Does it make sense starting races in Northern Europe in late autumn?

 

I was reminded of Pete Seeger’s 1960s song when I listened to the BBC Today programme this morning and heard the news of two thirds the Velux 5-Oceans fleet putting into port for repairs to storm damage. When will they ever learn?

In the last four years almost every trans-ocean and round the world race that has started from northern Europe in October or November has been hammered by a Biscay storm causing widespread damage to the fleets. In the 2002 Around Alone all the 50-footers sought shelter from a major storm for a few days and the Route de Rhum in the same year was decimated – the trimarans in particular with capsizes and structural failures. The Transat Jacques Vabre suffered the same fate, as did last year’s Volvo Ocean Race even though they started half way down the Spanish coast in an attempt to avoid extreme autumn weather. And in the past, when the Mini Transat used to start in November several boats and their crews were lost in this dangerous stretch of water.

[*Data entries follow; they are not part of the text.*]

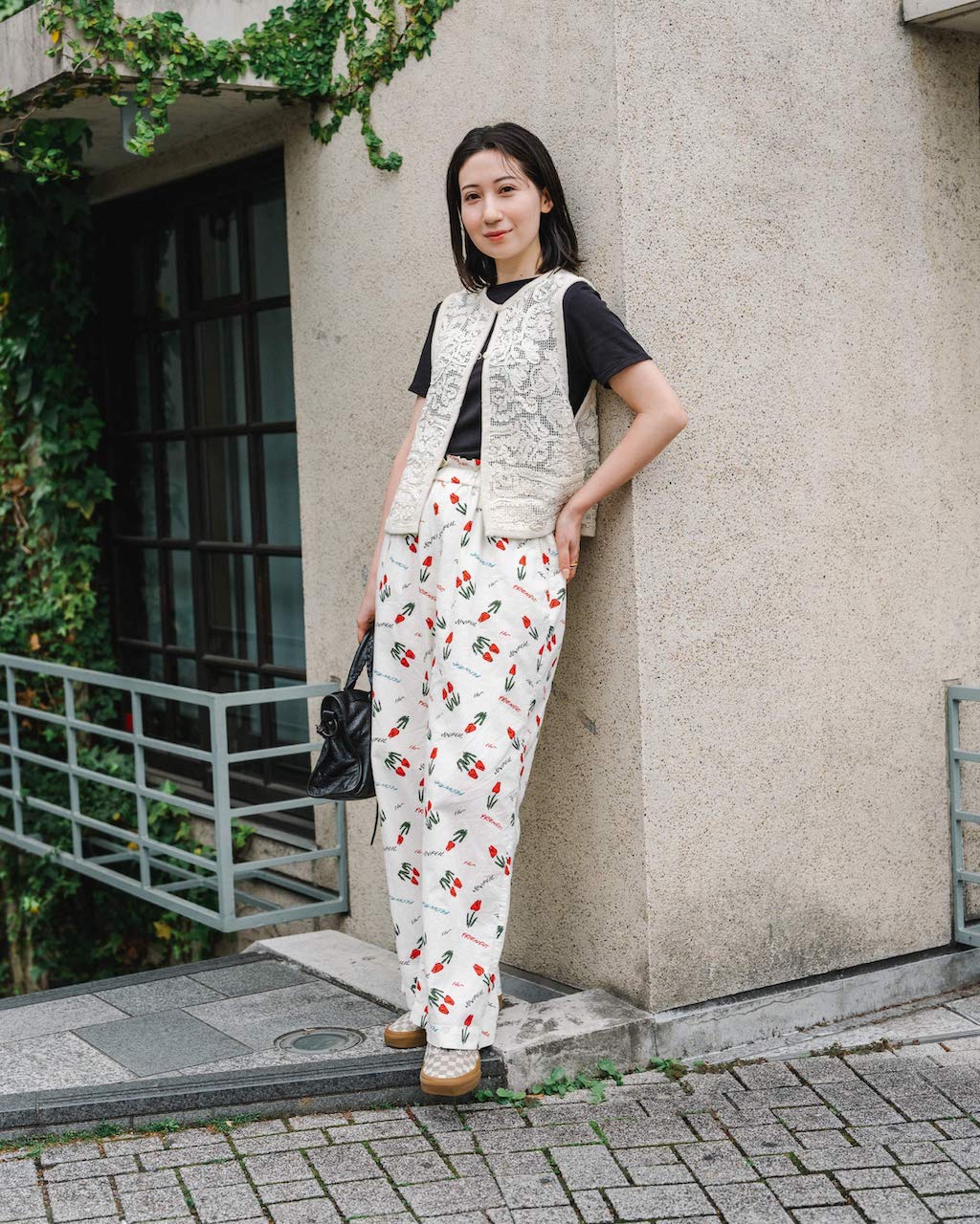 ヴィンテージっぽい雰囲気がお洒落なベストはシンプルTを重ねてカジュアルに寄せて。ガーリーな花柄パンツを合わせた大人可愛いスタイリングで夏をリード。
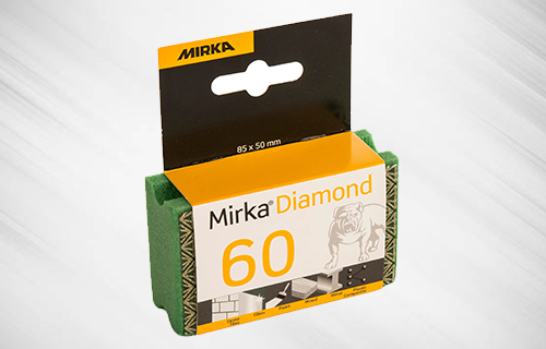 Mirka® Diamond Sanding Sponges for sanding edges of tiles and stone, stripping paint of wood, repairing glass chips and edges, metal hand tools and blades as well as composites.
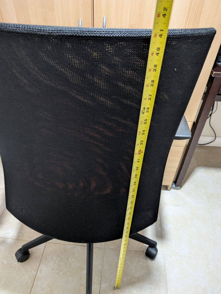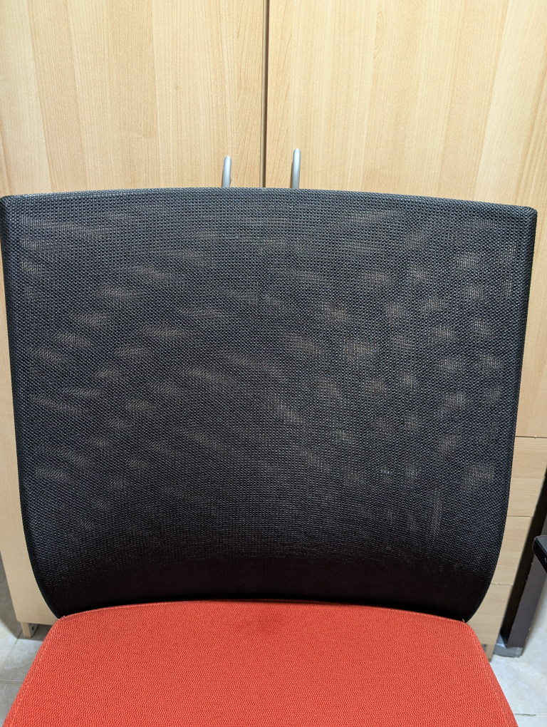 Office chair with an red orange fabric seat and a black mesh back. Great for your home office or study space! It's in good condition and ready for a new home. Dimension are on the photos... No damages, hydraulics are in good condition...
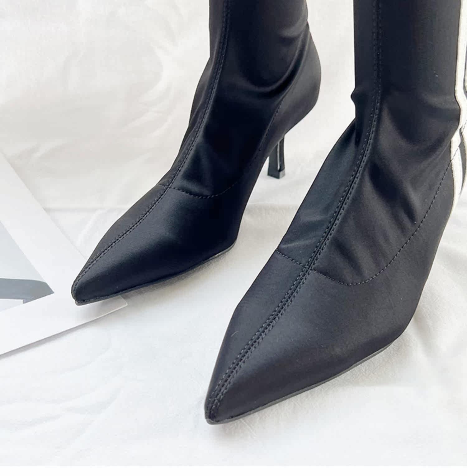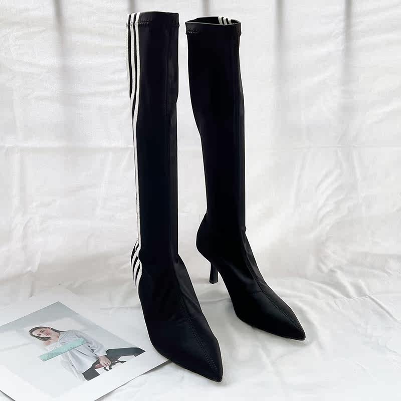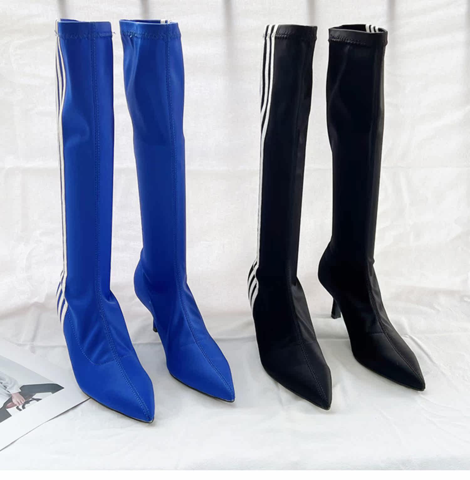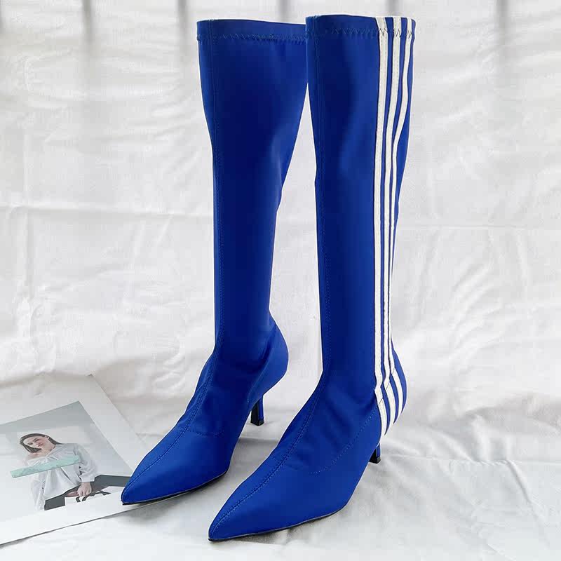 Эластичные высокие синие высокие сапоги с заостренным носом, популярно в интернете, 2023, осенние

It really is a no brainer. In October and November the frequency of gales increases substantially. And Biscay, with its rapidly shoaling waters, is no place to be caught out in bad weather at any time of the year. It’s no wonder that crews of square riggers, with their limited ability to sail to windward, feared Biscay so much. The chances of getting embayed were as real then as they are today.

The organisers of these races are really caught between a rock and a hard place. Because if they start the races any earlier they run the risk of encountering Atlantic hurricanes or arriving in the Southern Ocean before the Austral summer. The Mini Transat organisers have responded by having an earlier start to the first leg to Lanzarote and those behind the Vendee Globe bravely postponed the start of the 2000 race because of bad weather. Should the Velux 5-Oceans start have been delayed because a gale was forecast? In retrospect probably not because at that time maximum winds of 30 knots were forecast, not the 60 knots experienced by the fleet.